→ **PROBLEM DESCRIPTION**:
Please copy the entries below word for word, leaving out any image.

→ **RECORDED DATA**:
================

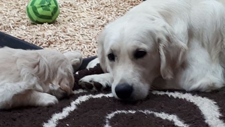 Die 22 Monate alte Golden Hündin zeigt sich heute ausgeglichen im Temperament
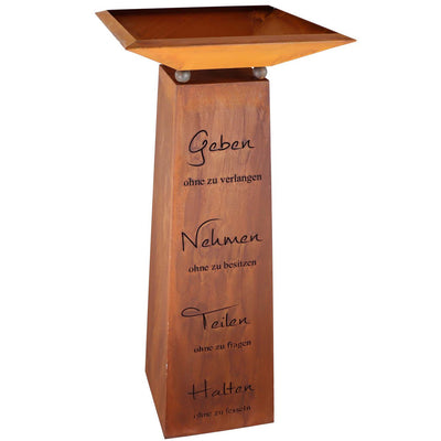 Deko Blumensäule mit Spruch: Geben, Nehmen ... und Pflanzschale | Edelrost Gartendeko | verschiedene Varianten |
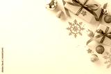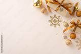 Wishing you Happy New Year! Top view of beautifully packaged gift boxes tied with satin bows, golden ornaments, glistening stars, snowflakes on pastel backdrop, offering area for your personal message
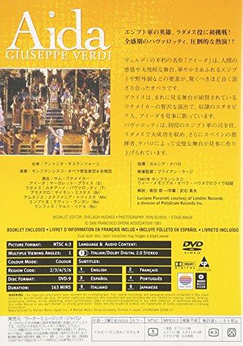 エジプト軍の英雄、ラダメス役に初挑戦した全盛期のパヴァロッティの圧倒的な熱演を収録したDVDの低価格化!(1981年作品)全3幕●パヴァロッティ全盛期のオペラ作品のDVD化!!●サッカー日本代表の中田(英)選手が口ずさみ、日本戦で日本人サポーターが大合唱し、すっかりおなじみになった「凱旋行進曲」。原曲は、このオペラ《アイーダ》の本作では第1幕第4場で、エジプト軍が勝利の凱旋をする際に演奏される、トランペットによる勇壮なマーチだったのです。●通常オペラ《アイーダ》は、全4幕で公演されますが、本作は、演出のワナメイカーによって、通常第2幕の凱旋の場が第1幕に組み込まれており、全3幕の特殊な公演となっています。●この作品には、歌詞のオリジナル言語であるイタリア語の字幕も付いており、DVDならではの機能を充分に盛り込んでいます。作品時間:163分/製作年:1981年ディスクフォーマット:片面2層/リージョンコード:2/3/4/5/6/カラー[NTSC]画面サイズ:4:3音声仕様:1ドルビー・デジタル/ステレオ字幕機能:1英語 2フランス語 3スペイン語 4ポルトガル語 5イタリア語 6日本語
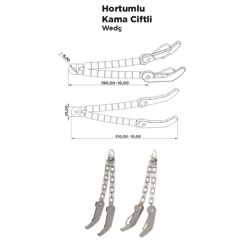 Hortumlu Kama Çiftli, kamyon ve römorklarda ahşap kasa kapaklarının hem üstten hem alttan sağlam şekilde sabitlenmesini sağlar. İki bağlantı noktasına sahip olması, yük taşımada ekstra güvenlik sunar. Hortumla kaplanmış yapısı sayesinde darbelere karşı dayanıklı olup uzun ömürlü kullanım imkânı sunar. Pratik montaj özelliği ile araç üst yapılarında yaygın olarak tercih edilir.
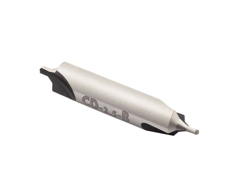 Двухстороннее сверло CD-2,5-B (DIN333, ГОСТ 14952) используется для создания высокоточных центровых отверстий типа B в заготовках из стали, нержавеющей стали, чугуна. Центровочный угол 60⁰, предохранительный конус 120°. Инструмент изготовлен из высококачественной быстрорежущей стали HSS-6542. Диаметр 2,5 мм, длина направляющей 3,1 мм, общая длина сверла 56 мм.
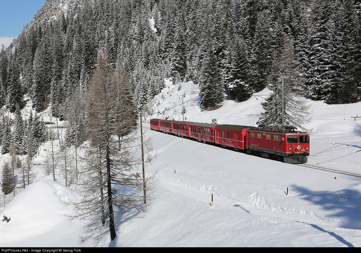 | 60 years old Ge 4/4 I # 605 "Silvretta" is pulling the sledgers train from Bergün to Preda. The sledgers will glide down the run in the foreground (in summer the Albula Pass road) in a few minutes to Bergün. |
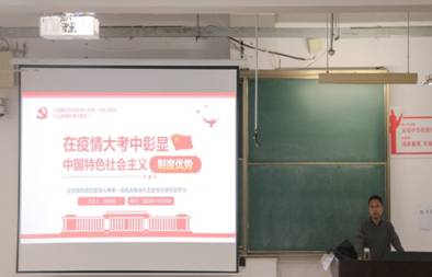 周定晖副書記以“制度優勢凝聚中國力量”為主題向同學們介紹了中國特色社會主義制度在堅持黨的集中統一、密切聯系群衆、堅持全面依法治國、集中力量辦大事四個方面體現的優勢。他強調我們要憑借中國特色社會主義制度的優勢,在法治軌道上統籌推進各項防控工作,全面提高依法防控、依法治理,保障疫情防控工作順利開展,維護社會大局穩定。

================

→ **REPLY TO THE TASK**:
 Die 22 Monate alte Golden Hündin zeigt sich heute ausgeglichen im Temperament
 Deko Blumensäule mit Spruch: Geben, Nehmen ... und Pflanzschale | Edelrost Gartendeko | verschiedene Varianten |
 Wishing you Happy New Year! Top view of beautifully packaged gift boxes tied with satin bows, golden ornaments, glistening stars, snowflakes on pastel backdrop, offering area for your personal message
 エジプト軍の英雄、ラダメス役に初挑戦した全盛期のパヴァロッティの圧倒的な熱演を収録したDVDの低価格化!(1981年作品)全3幕●パヴァロッティ全盛期のオペラ作品のDVD化!!●サッカー日本代表の中田(英)選手が口ずさみ、日本戦で日本人サポーターが大合唱し、すっかりおなじみになった「凱旋行進曲」。原曲は、このオペラ《アイーダ》の本作では第1幕第4場で、エジプト軍が勝利の凱旋をする際に演奏される、トランペットによる勇壮なマーチだったのです。●通常オペラ《アイーダ》は、全4幕で公演されますが、本作は、演出のワナメイカーによって、通常第2幕の凱旋の場が第1幕に組み込まれており、全3幕の特殊な公演となっています。●この作品には、歌詞のオリジナル言語であるイタリア語の字幕も付いており、DVDならではの機能を充分に盛り込んでいます。作品時間:163分/製作年:1981年ディスクフォーマット:片面2層/リージョンコード:2/3/4/5/6/カラー[NTSC]画面サイズ:4:3音声仕様:1ドルビー・デジタル/ステレオ字幕機能:1英語 2フランス語 3スペイン語 4ポルトガル語 5イタリア語 6日本語
 Hortumlu Kama Çiftli, kamyon ve römorklarda ahşap kasa kapaklarının hem üstten hem alttan sağlam şekilde sabitlenmesini sağlar. İki bağlantı noktasına sahip olması, yük taşımada ekstra güvenlik sunar. Hortumla kaplanmış yapısı sayesinde darbelere karşı dayanıklı olup uzun ömürlü kullanım imkânı sunar. Pratik montaj özelliği ile araç üst yapılarında yaygın olarak tercih edilir.
 Двухстороннее сверло CD-2,5-B (DIN333, ГОСТ 14952) используется для создания высокоточных центровых отверстий типа B в заготовках из стали, нержавеющей стали, чугуна. Центровочный угол 60⁰, предохранительный конус 120°. Инструмент изготовлен из высококачественной быстрорежущей стали HSS-6542. Диаметр 2,5 мм, длина направляющей 3,1 мм, общая длина сверла 56 мм.
 | 60 years old Ge 4/4 I # 605 "Silvretta" is pulling the sledgers train from Bergün to Preda. The sledgers will glide down the run in the foreground (in summer the Albula Pass road) in a few minutes to Bergün. |
 周定晖副書記以“制度優勢凝聚中國力量”為主題向同學們介紹了中國特色社會主義制度在堅持黨的集中統一、密切聯系群衆、堅持全面依法治國、集中力量辦大事四個方面體現的優勢。他強調我們要憑借中國特色社會主義制度的優勢,在法治軌道上統籌推進各項防控工作,全面提高依法防控、依法治理,保障疫情防控工作順利開展,維護社會大局穩定。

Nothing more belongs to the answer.